Rome, le seul dans le monde : cela suffisait à l’univers. Plus le vide qui se creuserait après lui serait grand, plus on admirerait l’homme qui l’avait comblé seul de son nom et de son génie. Cela était impie. L’égoïsme est la politique de l’impiété.

Voyons dans l’état de Rome, au retour de César, ce qui pouvait concourir à nuire, dans les dispositions de l’Italie, à l’une ou l’autre des grandes combinaisons politiques qui s’offraient au choix de César.

Dans le parti des hommes de bien, tout était mort, banni ou absent ; l’indignation sourde avait succédé à la guerre ouverte ; Cicéron et Brutus étaient les seuls qui fussent rentrés en Italie et qui conservassent quelque commerce avec le destructeur de leur parti. Encore avec quelle défiance parlent-ils de César ! « Brutus prétend, écrit Cicéron, que César apporte de bonnes dispositions pour les gens de bien. Mais les gens de bien, où les trouvera-t-il ? À moins qu’il n’aille les chercher dans l’empire de la mort, où il les a tous envoyés ! Sa tyrannie n’est que trop bien affermie dans ce monde-ci. »
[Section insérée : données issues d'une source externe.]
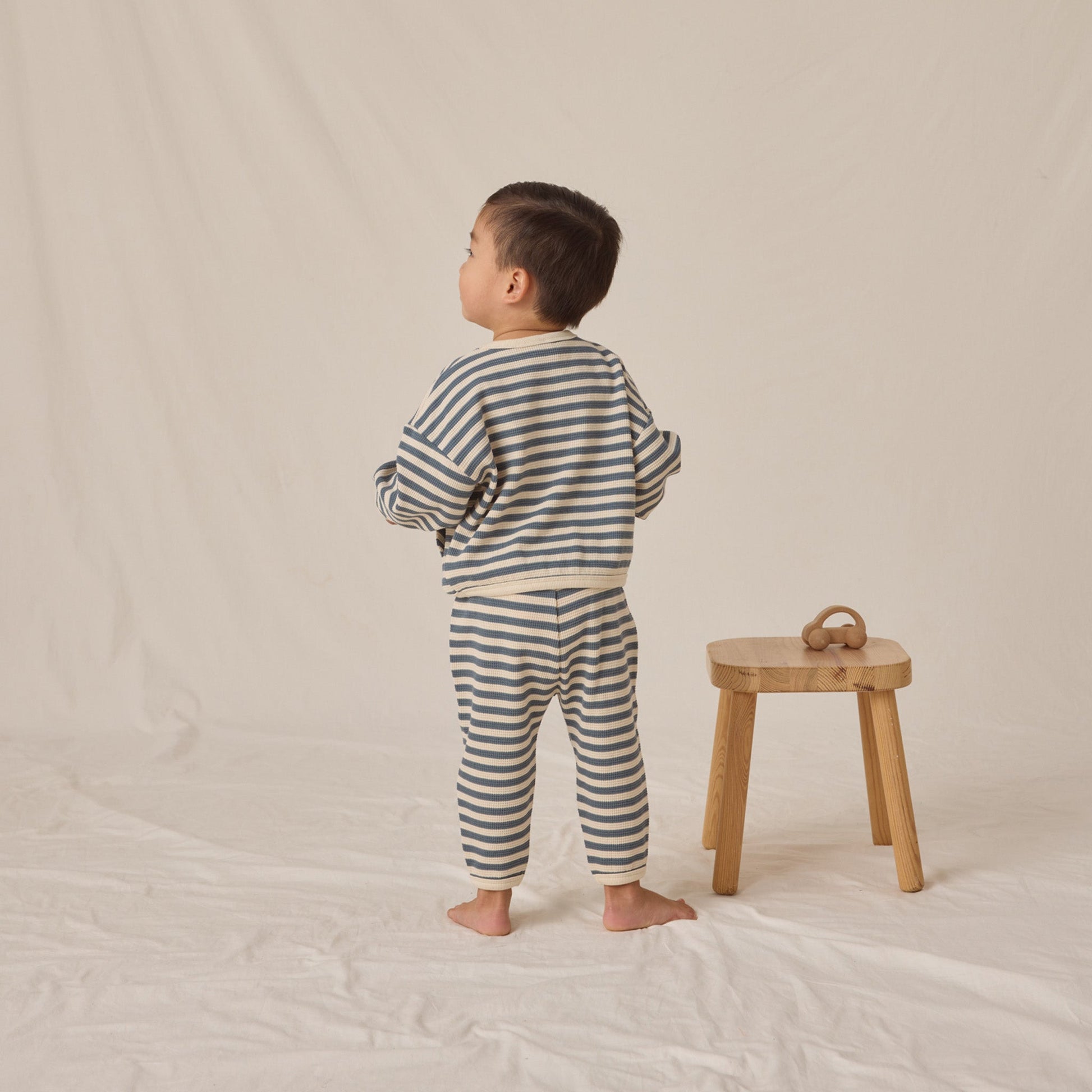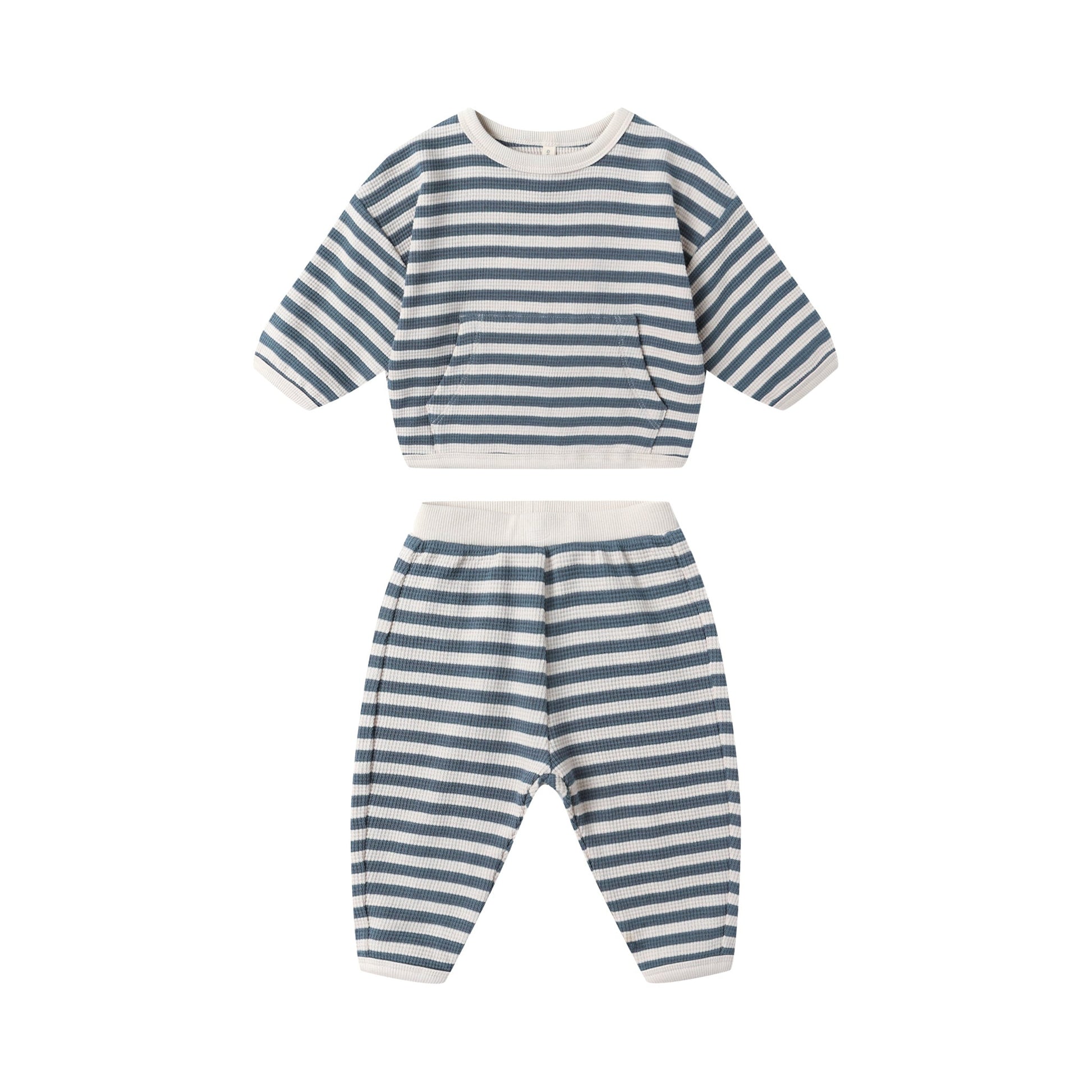 Our Waffle Slouch Set includes a long sleeve top with a large front pocket and matching pants—perfect for lounging and play.

Cependant César flattait avec affectation ces restes du parti du sénat pour dissimuler, aux yeux de l’opinion publique, le vide d’honneur et de vertu qui se faisait autour de lui, et pour essayer de présenter au peuple un fantôme d’institutions libres sous la servitude. Il permettait à Cicéron de publier un éloge de Caton, et il publiait lui-même l’Anti-Caton, livre dans lequel il louait beaucoup Cicéron, tout en le réfutant, comme s’il ne s’agissait que d’une lutte philosophique et littéraire entre la république et César. Il poussait la déférence jusqu’à rendre visite à Cicéron dans sa maison de campagne, à prendre le bain et à se promener au bord de la mer, dans des entretiens familiers, avec l’ami de Caton.